Hurd could play aggressively inside, but he wanted more power. If Hurd got the ball down low last year, he more often went left than right to shoot. Hurd wanted to erase his predictability.

"I'm a better all-around player this year," said Hurd. 'Everything wasn't put together last year. I could do everything, but not all of the time."

Camps and tournament play also helped Hurd last summer. Hurd attended some tough camps, most notably the Five-Star, where he averaged 12 points playing against some of the nation's top talent.

His AAU team from Cecil-Kirk went to California and Florida for tournaments. Hurd started and played strongly on a team that included Shawnta Rogers and Reggie Frazier of Lake Clifton plus John Hemsley of Southern.

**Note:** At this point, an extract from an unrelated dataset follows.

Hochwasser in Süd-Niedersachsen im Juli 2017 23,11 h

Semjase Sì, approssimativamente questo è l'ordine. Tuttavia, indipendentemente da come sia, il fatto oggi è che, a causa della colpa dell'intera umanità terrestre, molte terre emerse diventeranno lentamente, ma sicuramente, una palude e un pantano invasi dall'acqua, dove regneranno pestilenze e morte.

Hurd also played in the Charlie Weber Tournament at Cole Field House in September. Matched against 6-11 All-American Randall Jackson from Boston, Hurd racked up 28 points and 12 rebounds.

"[All of those] built up my confidence," said Hurd. "I thought if I could play well nationally, there's no reason I can't play well locally."

And he has played well locally. The four-year varsity player often uses power for Milford Mill -- a change from last season, when finesse was often his calling card.

A recent game at Westminster saw Hurd repeatedly drive to the basket instead of taking his former trademark fall-away jumper. Hurd scored 32 points from all over the court and dominated in the paint.

"I think he's a much better player than what he was last year," said Westminster coach Dave Byers. "He's definitely got more ++ moves. He's expanded his game."

Said Milford Mill assistant coach Ralph Murray: "You ever know which way he's going to go."

For Hurd, the expansion of his game begins a transition to college basketball.

The honor roll student and class president had not heard much from colleges before the summer. The calls began coming, however, after his strong performances with his AAU team and at the camps.

Hurd eventually narrowed his final choices to Loyola, Delaware, Howard and Towson State. Saying Loyola best fit his athletic and academic (major in communications) needs, he signed with the Greyhounds and continues to work in preparation for college basketball.

"Things are coming into their own," said Milford Mill coach Homer Seidel. "He's definitely up a level. I think the transition to college basketball is all up to Blanchard."

This year, however, could be tougher for Hurd. Graduation left several holes from the championship team of a year ago, and Milford Mill (4-2) already has stumbled a bit.

Some questions on offense will force Hurd to carry more of the load -- but he's ready.

"I've improved a lot offensively," said Hurd. "It feels good when you know you're a better player. When you take your game to another level, you know it."